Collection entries
◇ ◇ ◇

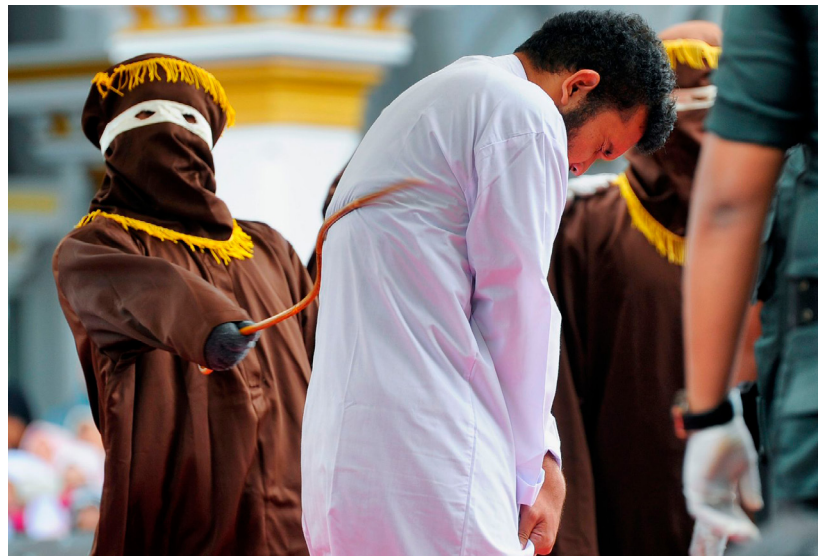
Auspeitschung eines Schwulen in Aceh

repetiert, sondern die massive Verschlechterung hinsichtlich des Minderheitenschutzes und der Meinungsfreiheit anerkennt und in Gesprächen thematisiert. Mit Hinblick auf globale Entwicklungen wäre kontraproduktiv, weiterhin die Augen vor den massiven Umbrüchen in Indonesien zu verschließen;
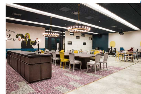
起業プラザひょうご神戸
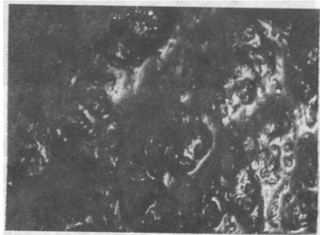
图2 添加煤油菌体形态

当在发酵液中添加合适的表面活性剂,不仅可以改善发酵液的流变特性和细胞通透性,而且,就霉菌来说,还可以形成均一、紧密的菌丝球。因此,我们选择了非离子型表面活性剂triton-X100,考察它对发酵的影响。其结果见表4。
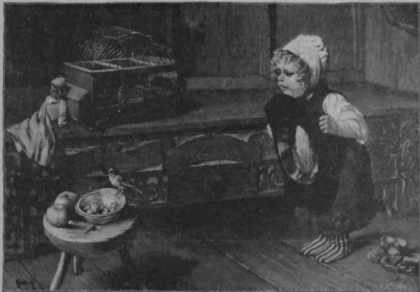
"Ptíček je ušel!"
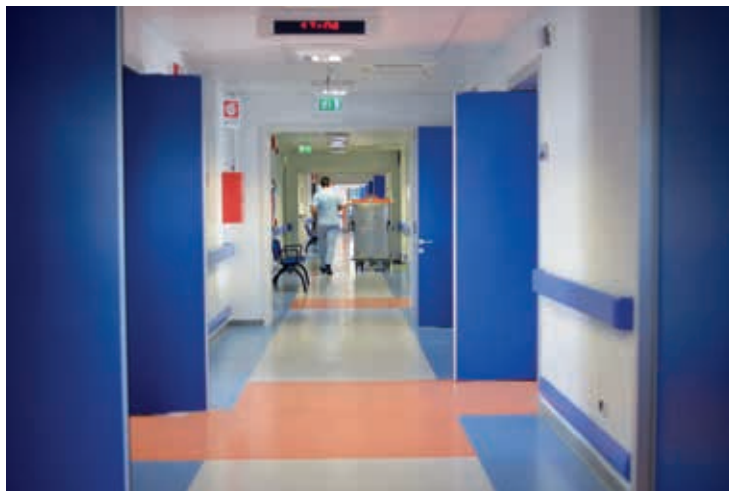
Corridoio nel reparto di degenza dell.U.O. di Cardiologia Riabilitativa.
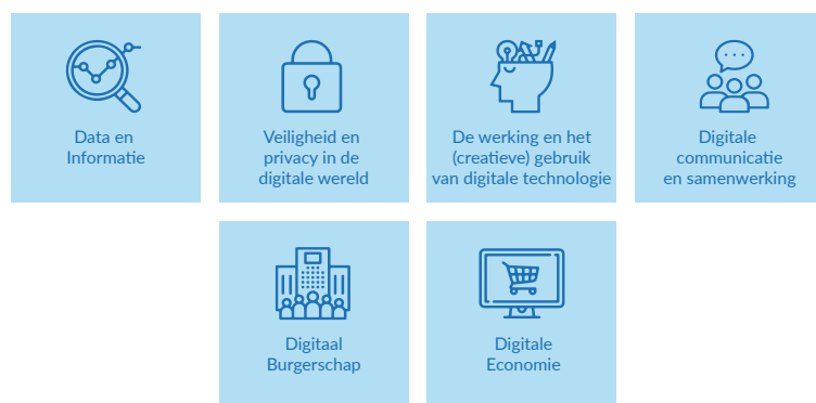
Figuur 1: overzicht van de grote opdrachten

Op basis van de visie zijn zes grote opdrachten te formuleren. De grote opdrachten omschrijven de grote thema's die relevant zijn voor het leergebied digitale geletterdheid. In de grote opdrachten komen alle elementen vanuit de visie samen, volgens een holistische benadering. In de grote opdrachten worden de vier perspectieven verbonden aan de vier domeinen die hierboven beschreven staan.

◇ ◇ ◇

HOW TO COMPLETE THIS TASK
Set down exactly and only the lines from the start of the entries above through the line containing "图2 添加煤油菌体形态", both ends included, omitting the pictures.

TASK OUTPUT
Auspeitschung eines Schwulen in Aceh

repetiert, sondern die massive Verschlechterung hinsichtlich des Minderheitenschutzes und der Meinungsfreiheit anerkennt und in Gesprächen thematisiert. Mit Hinblick auf globale Entwicklungen wäre kontraproduktiv, weiterhin die Augen vor den massiven Umbrüchen in Indonesien zu verschließen;
起業プラザひょうご神戸
图2 添加煤油菌体形态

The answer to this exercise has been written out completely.